BALES, Vice Chief Justice.

¶ 1 Arizona’s implied consent statute, AR.S. § 28-1321, outlines how law enforcement officers can obtain consent to blood and breath tests from persons arrested for driving under the influence (“DUI”) and provides consequences for arrestees who refuse to submit to a test. Against this backdrop, we address whether the Fourth Amendment to the United States Constitution requires that a juvenile arrestee’s consent be voluntary to allow a warrantless blood draw. We hold that it does and that the juvenile court properly ruled that evidence of a blood draw was inadmissible because the juvenile did not voluntarily consent.

I.

¶2 On February 17, 2012, Tyler B., a sixteen-year-old high school student, and two friends arrived late to school. A school monitor smelled marijuana on the boys and also saw drug paraphernalia in Tyler’s car. School officials detained the boys in separate rooms and contacted the sheriffs office.

¶ 3 A deputy sheriff soon arrived and read Miranda warnings to Tyler. In the presence of several school officials, Tyler admitted that he had driven his car to school after smoking marijuana and that he owned some of the drug paraphernalia in the car. The deputy informed Tyler that he was under arrest for DUI and other offenses. Tyler became agitated and the deputy placed him in handcuffs. The deputy left Tyler with the assistant principal for about ten minutes while retrieving a phlebotomy kit to do a blood draw.

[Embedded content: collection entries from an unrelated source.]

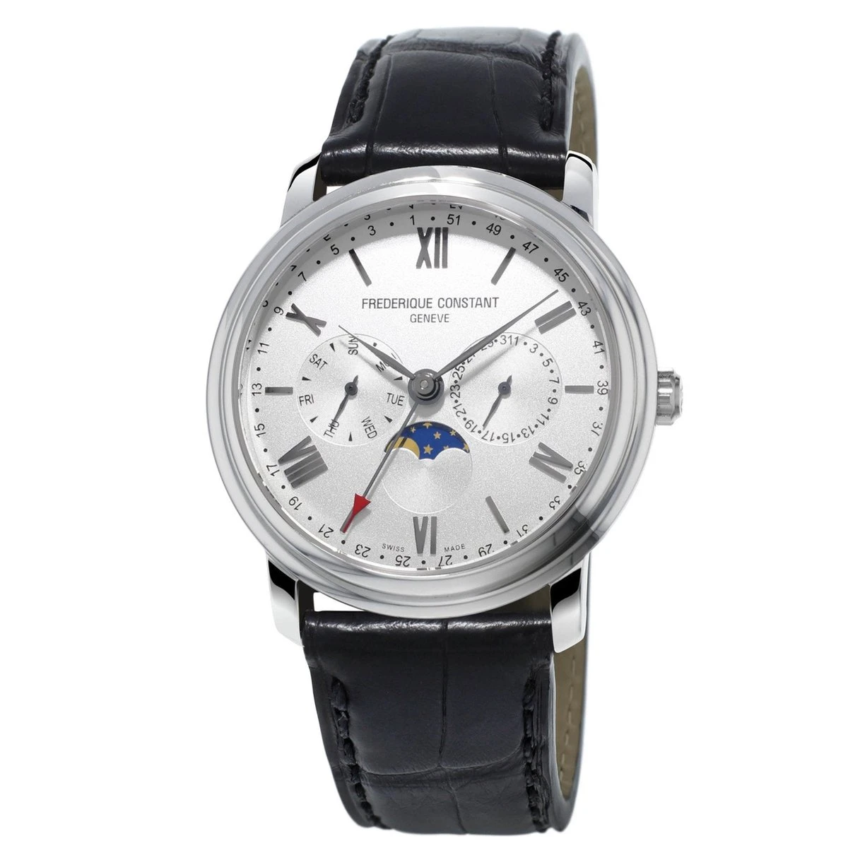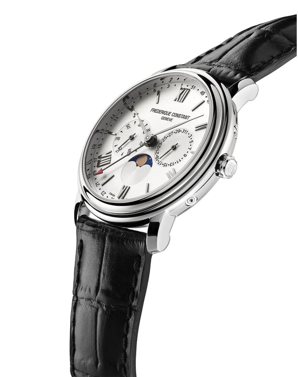 Dit Frédérique Constant Mannen horloge beschikt over een Quartz binnenwerk. De kast (40 mm) is vervaardigd uit Staal (Zilverkleurig) en heeft een Saffierglas. De band is Zwart Leer. Dit horloge uit de Classics reeks is een mooi en tijdloos geschenk. Verras jezelf of iemand anders met dit cadeau. Bovendien geniet u hierbij van 2 jaar garantie tegen alle fabricagefouten.
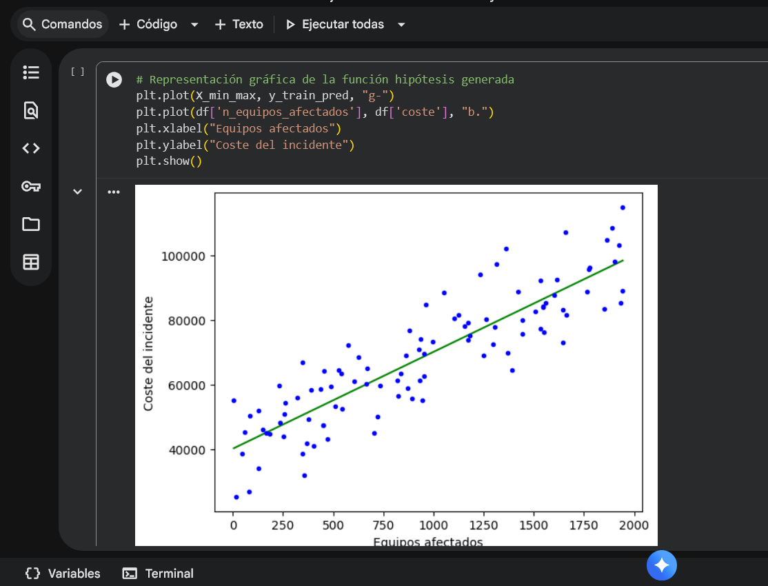 Este ejercicio implementa un flujo básico de Machine Learning en Google Colab para estimar el coste (económico) asociado a un incidente de seguridad en función del número de equipos afectados. El objetivo es ilustrar conceptos clave de regresión lineal, visualización y uso de librerías estándar (numpy, pandas, scikit-learn) en un caso de ciberseguridad.
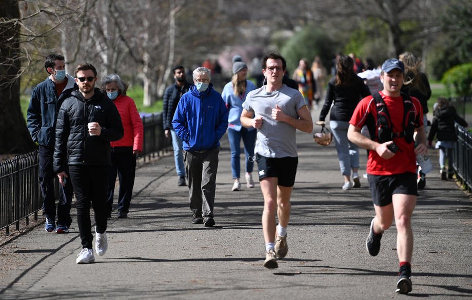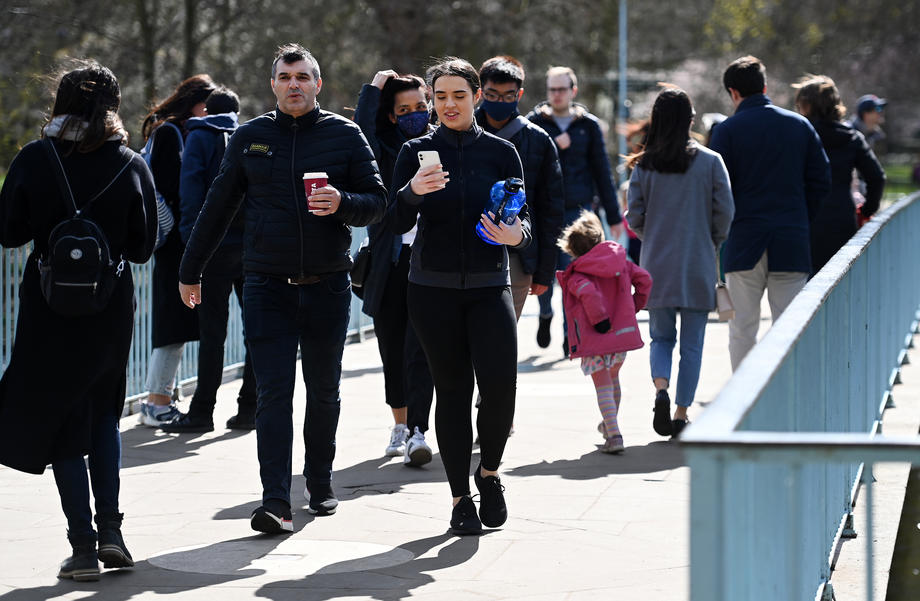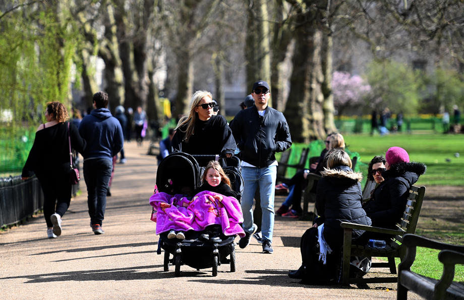 On Monday, hundreds of people flocked to the streets after starting to normalize its crackdown COVID-19 restrictions in UK. Hundreds of people enjoyed the spring weather at St.James’s Park in London, 29 March 2021.
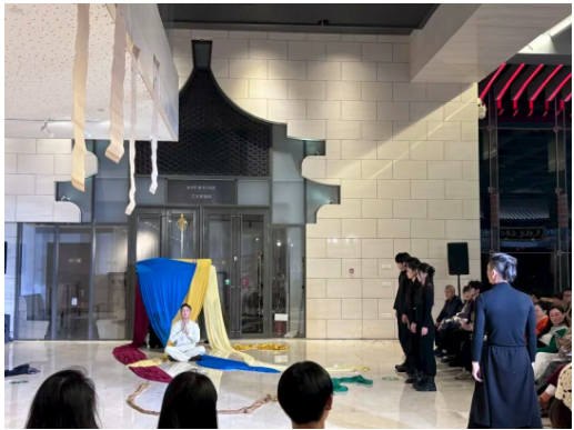 演出结尾处,“歌队”在场地中央构建的宝塔与廊道本身的拱门结构奇妙呼应,实现了物理空间与心理空间的精妙融合,赢得了现场观众的赞美。
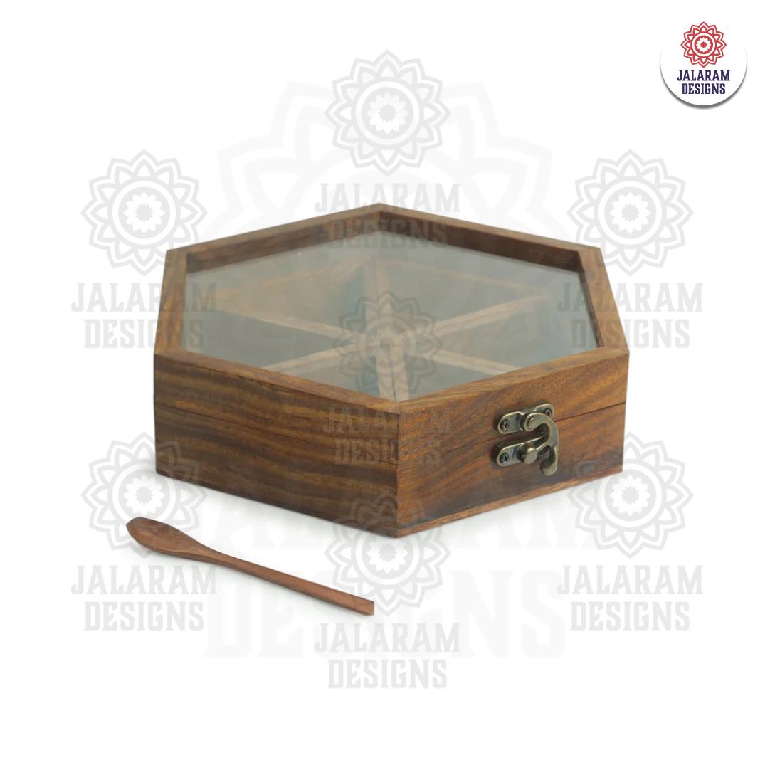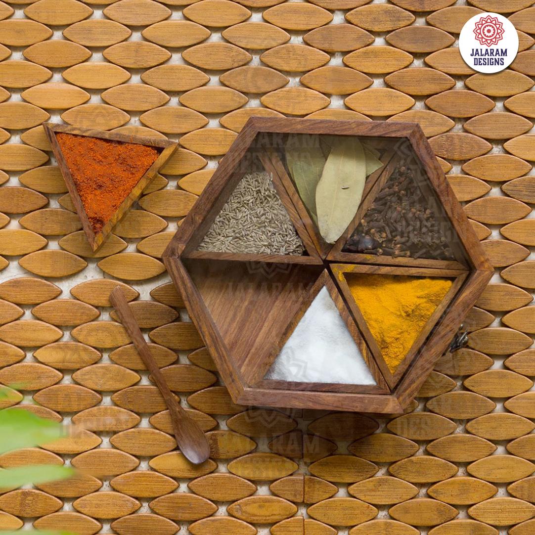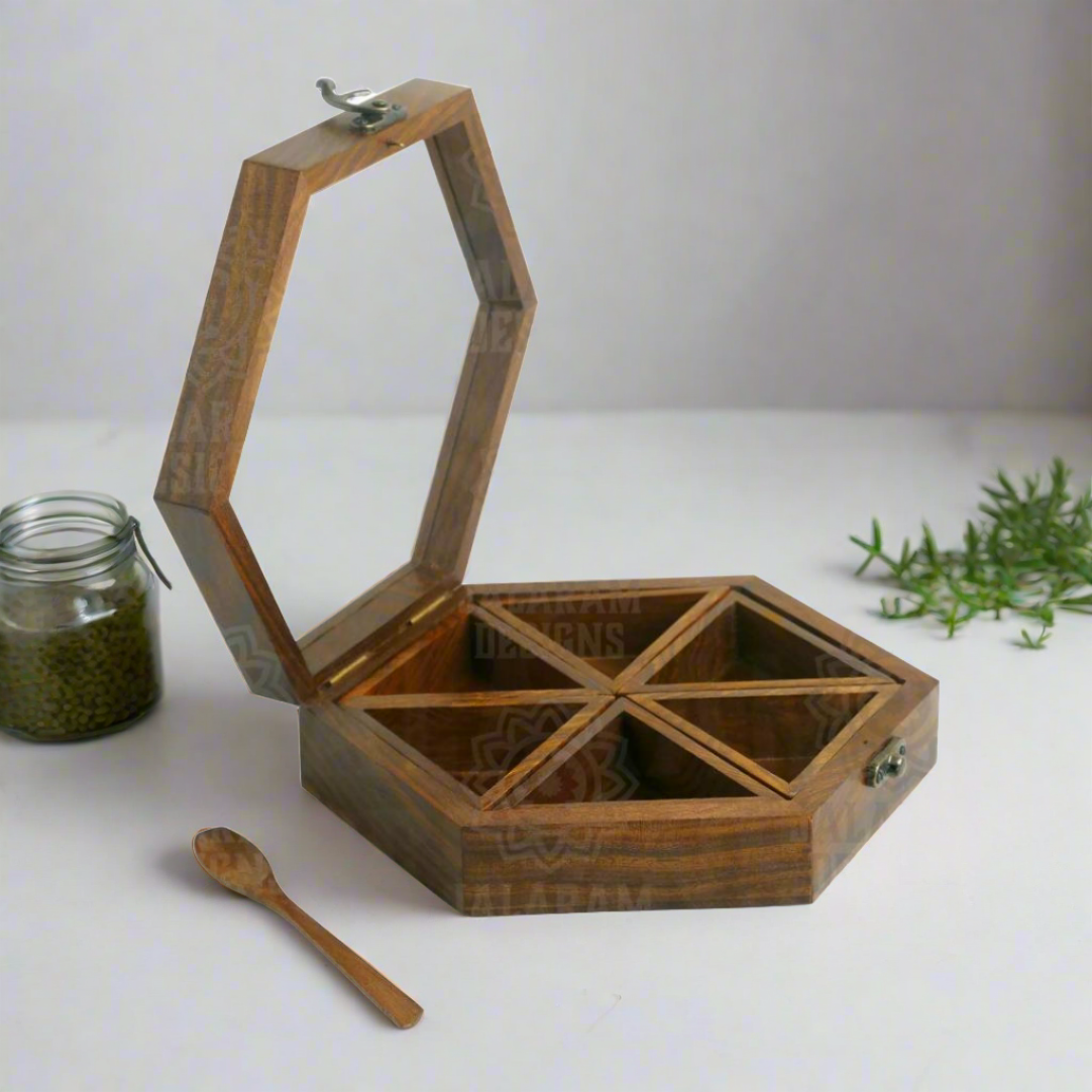Its distinctive hexagonal shape is a symbol of perfection and balance, making it a visually striking addition to any space. The lid boasts a mesmerizing pattern, showcasing the artistry of the skilled craftsmen behind its creation. Open the lid, and you'll discover six detachable containers thoughtfully designed to hold your favorite spices, precious jewelry, or any small treasures you cherish.
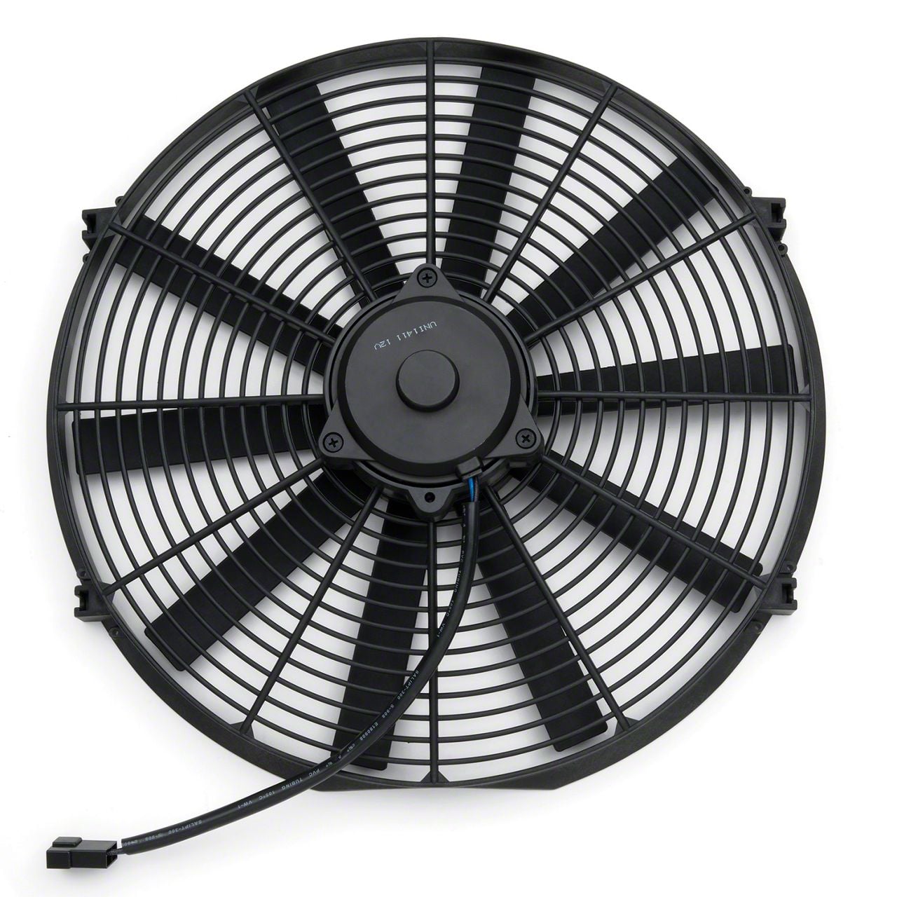 Electric Radiator Fan Kit; High Performance Model; 16 Inch Diameter; 2000 RPM and 2100CFM Rating; 9 Amp Draw; Uses a 30 Amp Fuse; Measures 16.5in. Wide X 16.75in. High X 4in. Thick; Nylon Tie Mounting Kit Included
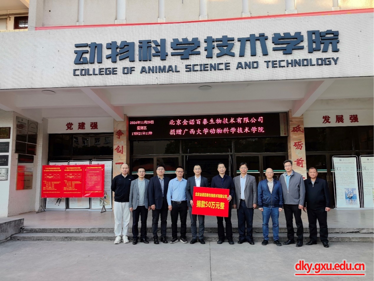 韦小强书记代表学院全体师生对北京金诺百泰生物技术有限公司的热心资助表示感谢,也感谢覃伦校友促成此事。他表示,金诺百泰公司的捐赠是对学院人才培养的支持与肯定,希望学院与公司在人才培养、科学研究方面有更深入的交流与合作,为社会培养更多优秀的高级畜牧专业人才。

¶ 4 When the deputy returned to the room, he saw that Tyler had calmed down, so he removed the handcuffs from the youth. He read Tyler an “implied consent admonition” twice, first verbatim and then in “plain English.” The admonition provided in relevant part:

Arizona law requires you to submit to and successfully complete tests of breath, blood or other bodily substance as chosen by the law enforcement officer to determine alcohol concentration or drug content. The law enforcement officer may require you to submit to two or more tests. You are required to successfully complete each of the tests.
If the test results are not available ... or indicate any drug defined in ARS 13-3401 or its metabolite, without a valid prescription, your Arizona driving privilege will be suspended for not less than 90 consecutive days.
If you refuse to submit or do not successfully complete the specified tests, your Arizona driving privilege will be suspended for 12 months, or for two years if there is a prior implied consent refusal, within the last 84 months, on your record. You are, therefore, required to submit to the specified tests.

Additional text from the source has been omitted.